We are here not to mourn the catastrophe of 1948 in Palestine, but to celebrate the resistance as well. The Nakba continues, and so too must the resistance. The resistance against the expulsion and displacement from Palestine, against the colonization and against Zionism, is not only the resistance of a rock against a tank, or of a consumers´ boycott against profiteers of war. It is also the resistance against the zionist narrative, the writing of history by the alleged victors, a narrative that is dominant in classrooms, in books, in newspapers and everywhere. The Palestinian struggle and the solidarity with it also means breaking this narrative, and with it the silence of 1948.
The problem in Palestine lays in the expulsion and ethnic cleansing of 1948 and cannot be solved without the return. Geographic division or hypocritical accords cannot lead to a just solution. The existence of Israel is denying since 68 years the return of the refugees, who are doomed to live in exile in the poorest condition for almost seven decades now, and as long as the Zionist state as an ethnocratie has control over Palestine, there will be no just solution for the refugees.
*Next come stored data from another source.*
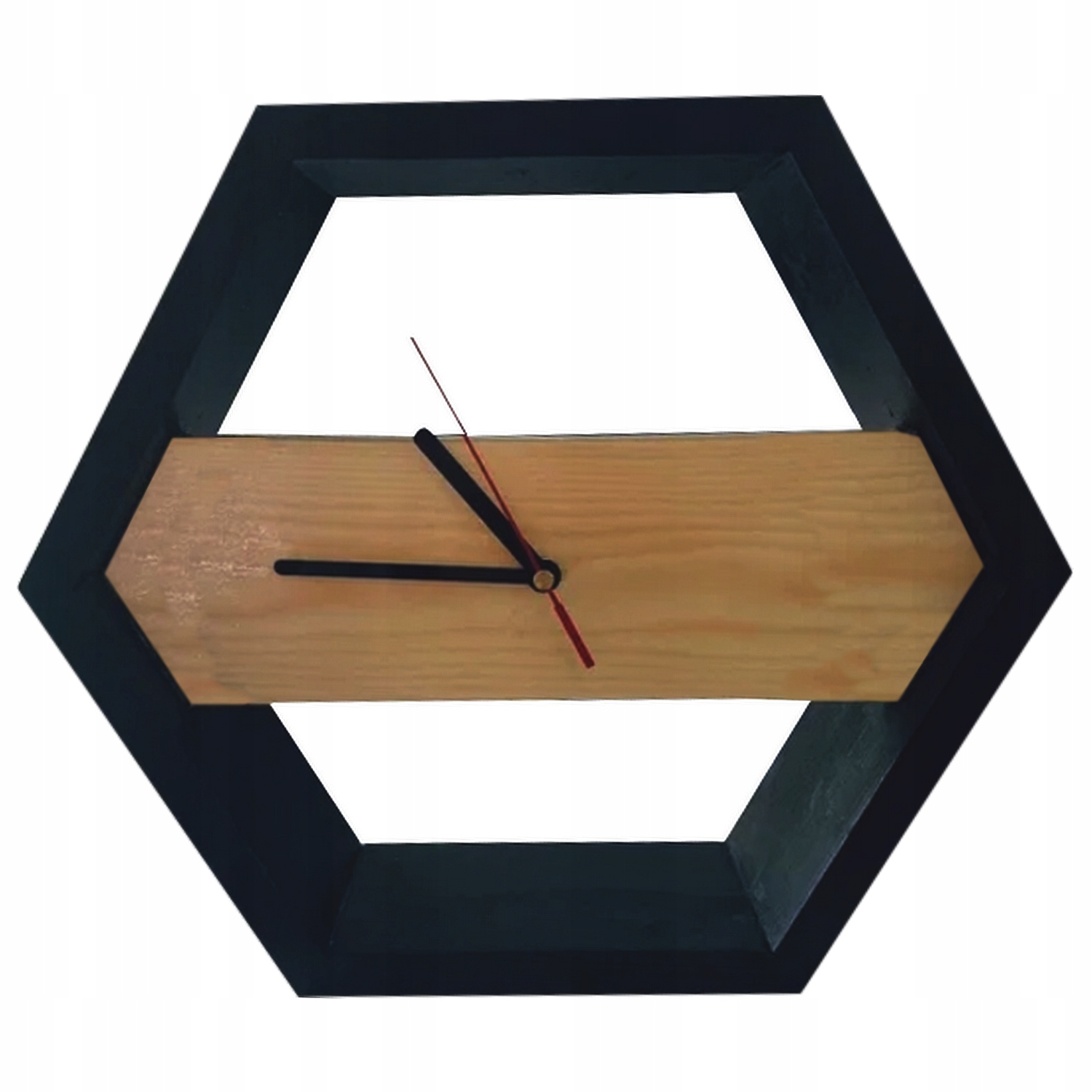 Мы предлагаем уникальные шестигранные часы, сделанные вручную из польского хвойного дерева. Эта уникальная полка не только выполняет функцию практического пространства для хранения, но также действует как стильные часы, что придает интерьеру современный и элегантный характер.
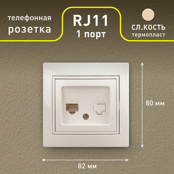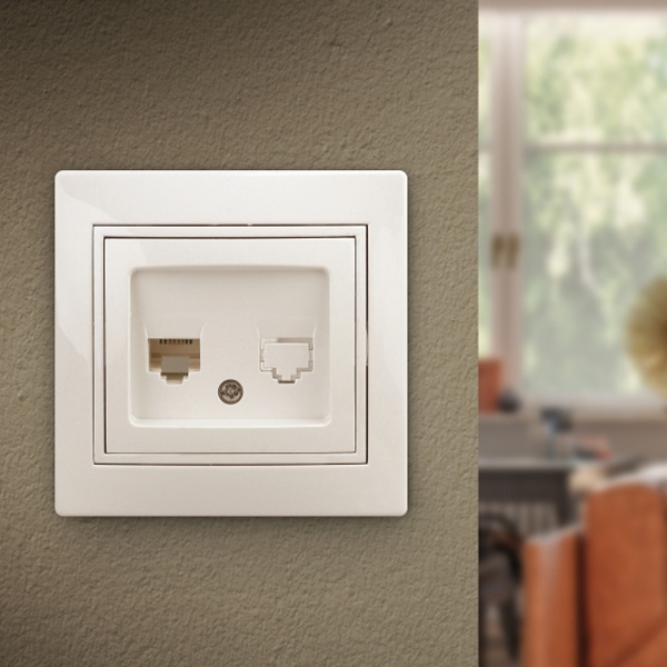 Розетка телефонная с одним разъемом RJ11 для скрытой установки в монтажные коробки на распорные лапки, либо винты. Накладка и рамка выполнены из негорючего пластика без содержания галогенов.
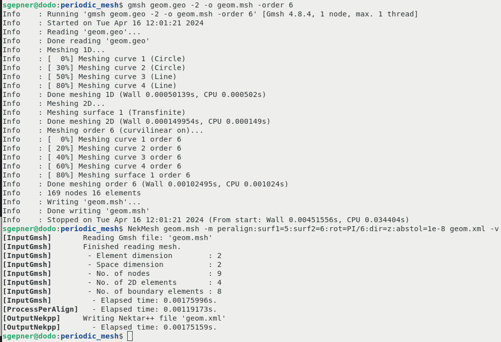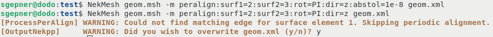 NekMesh geom.msh -m peralign:surf1=5:surf2=6:rot=PI/6:dir=z:abstol=1e-8 geom.xml -v

The demands for the return and the abolishment of the zionist regime in Palestine are for many people in Germany a thorn in their side. The demand for justice is seen as a demand for murder and genocide, since the life of one ethnic groups seems to be more important than the life of another. This proves to us exactly how important it is to combat this narrative. The founding of the zionist state in 1948 is seen by many German people as a sort of redemption for the crimes committed by the generation of the Nazis, and as an event which allows Germany to put the holocaust behind it. When we say loudly and clearly that this event was an unjust catastrophe, we deny Germany its deliverance. Still, the people in Germany must acknowledge the Nakba, und should not see the situation in Palestine merely through their own sensitivity, a view which allows them to put themselves in the victim´s position and to not see that they are ongoing perpetrators and enablers of crimes.
For this reason, on this 68th memorial of the catastrophe, we also call upon our non-Palestinian comrades: solidarise, continue to educate yourself, inform yourself. Question the writing of history here in Germany. The critical examination of the hegemonic narrative is necessary for the political understanding of the Palestinian question. We are very glad to take to the streets with you today, and to march with you down the long road of international solidarity.
Freedom for Palestine! Long live the international solidarity!